First of all, we think more work needs to be done, to determine which degree and which type of deliberation and co-design are necessary for AI projects, to deliver on the promise to serve the public interest. Similar to the position articulated by Sloane et al. (
2020), we believe that more attention needs to be brought to successful and appropriate methods of participatory design overall, but particularly the step towards implementing the results is hard. As many attempts have shown, “design by committee” does not necessarily go well with creation. So, we propose it is an important (further research) question how to bridge this gap. On a more detailed level, we are interested to learn more about tools and methods to translate between participatory design and technical implementation.
Another related and important question regards the better understanding of the gap between the vision and the reality of open-source software for the public interest (and in particular public sector) AI. While we do hear voices in general agreement about open source being the goal for public service infrastructures, the reality seems to impose (to the best of our knowledge under-researched) obstacles toward the actual adoption.
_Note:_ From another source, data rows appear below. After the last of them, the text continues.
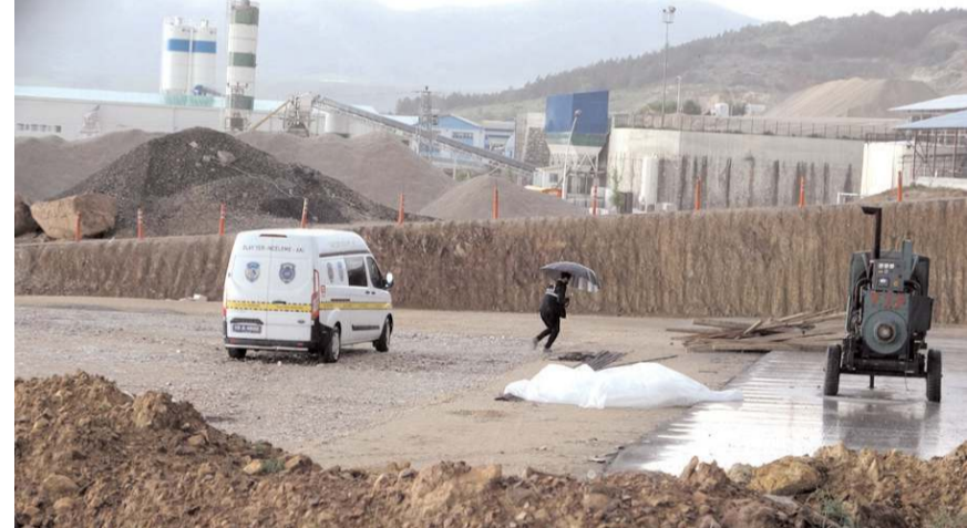
Olay taş ocağında meydana geldi.

F.A.A'nın düştüğünü gören işçiler hemen yardıma gitti. Olay yerine gelen polis ve sağlık ekipleri genci düştüğü yerden çıkarttı. Ambulansla hastaneye kaldırılan genç, bütün müdahalelere
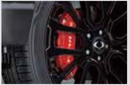
레드 알루미늄 캘리퍼 커버 300,000원
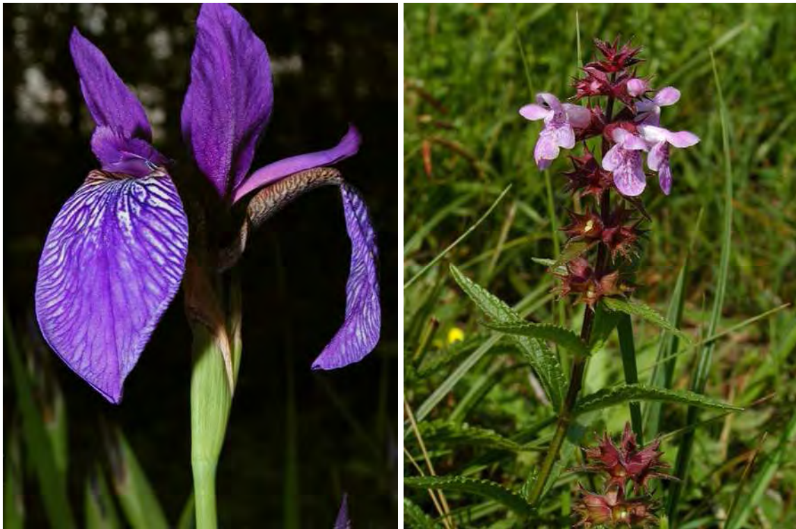
Abbildung 8: Die stark gefährdete Sibirische Schwertlilie ( Iris sibirica ), links und der gefährdete Sumpf-Ziest ( Stachys palustris ) als typische Arten der Pfeifengras-Streuwiesen und deren Verbrachungsstadien.

Es handelt sich bei diesem Biotop um drei kleinere aus Pfeifengraswiesen hervorgegangene Schilfröhrichte, die noch Reste der ursprünglichen Vegetation aufweisen (selten etwa tritt noch die Sibirische Schwertlilie auf). Die drei Parzellen liegen zwischen Gstaldengraben und Angern auf entwässerten Anmooren mit Torfeinlagerungen und Gleyböden aus feinem Schwemmmaterial. Die Flächen sind als ökologische Ausgleichsfläche in einer intensiv genutzten Landschaft im Sinne eines Biotopverbundes bedeutsam. Die in der Streuwiesenevaluierung aufgenommene orchideenreiche Pfeifengraswiese und das artenreiche Kleinseggenried konnten nicht mehr aufgefunden werden.
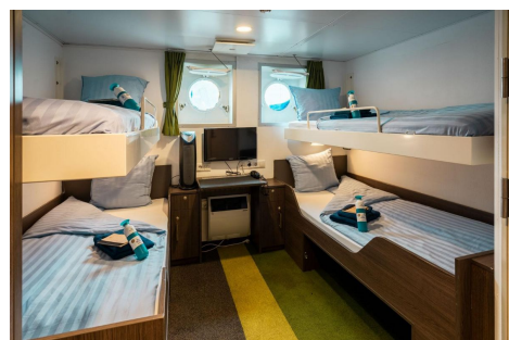
Ortelius cabina cuadruple Autor:Ocean Wide Expeditions
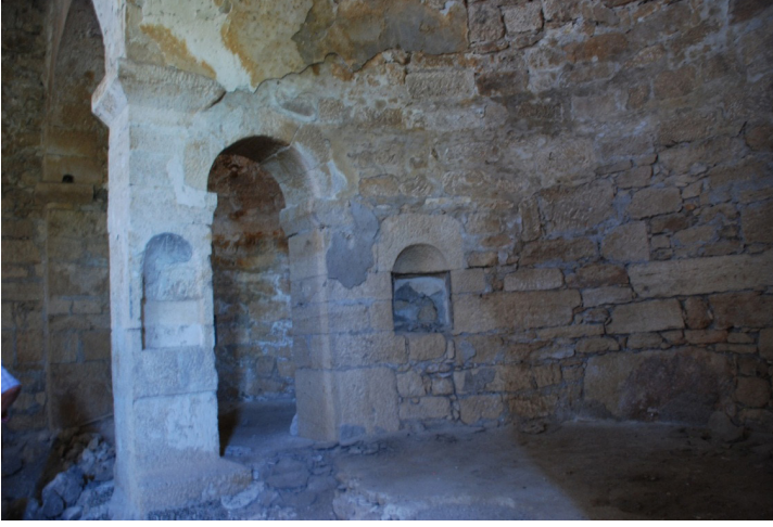
F. 26- Surp Sarkis Kilisesi ana apsis kuzey yan nişleri ve yan apside kemerli geçiş
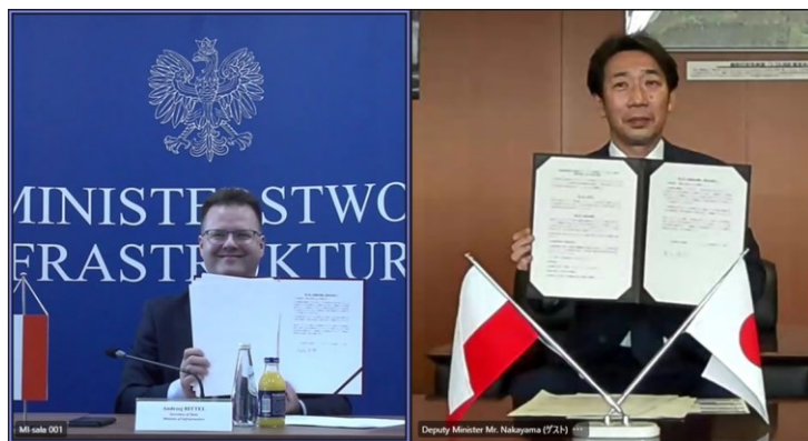
覚書オンライン署名式の様子
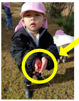
見て！いっぱい集めたよ！
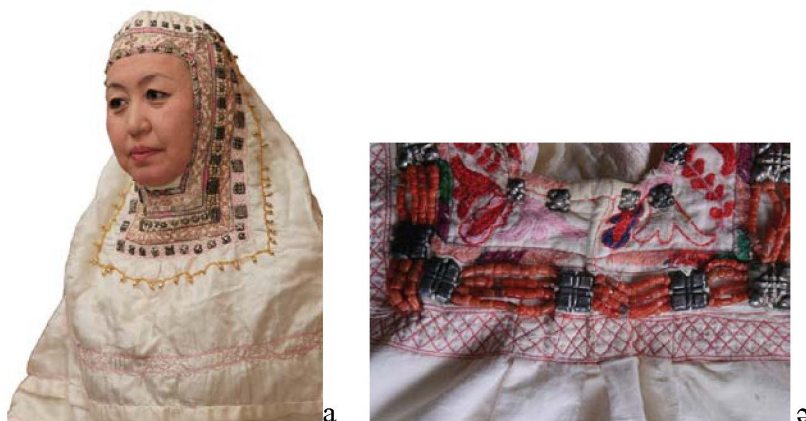
Сурет 5 - а) Жетісу өңірі кимешегі. ОМЭЭ материалдарынан; ә) Жетісу өңірі кимешегінен фрагмент. ҚРМОНМ қорынан (25448/54)

Кимешекті қолданатын қырғыз халқында күндігі үлкен, биік келеді, ал түрікмен халқы басқа оралған ішкі жаулықтың сыртынан үлкен жаулықты бос тастайды [13, с.101].

This is thus an open question also, in which scenarios, under which licenses, and to what degree is a commitment to open and free software necessary for public interest AI.
Finally, as a basis for more extensive research, we are releasing a survey and creating a dataset of public interest AI cases. We aim to identify cases in broad areas, including public administration, and test the (so far theoretical) guiding principles we have presented in this paper.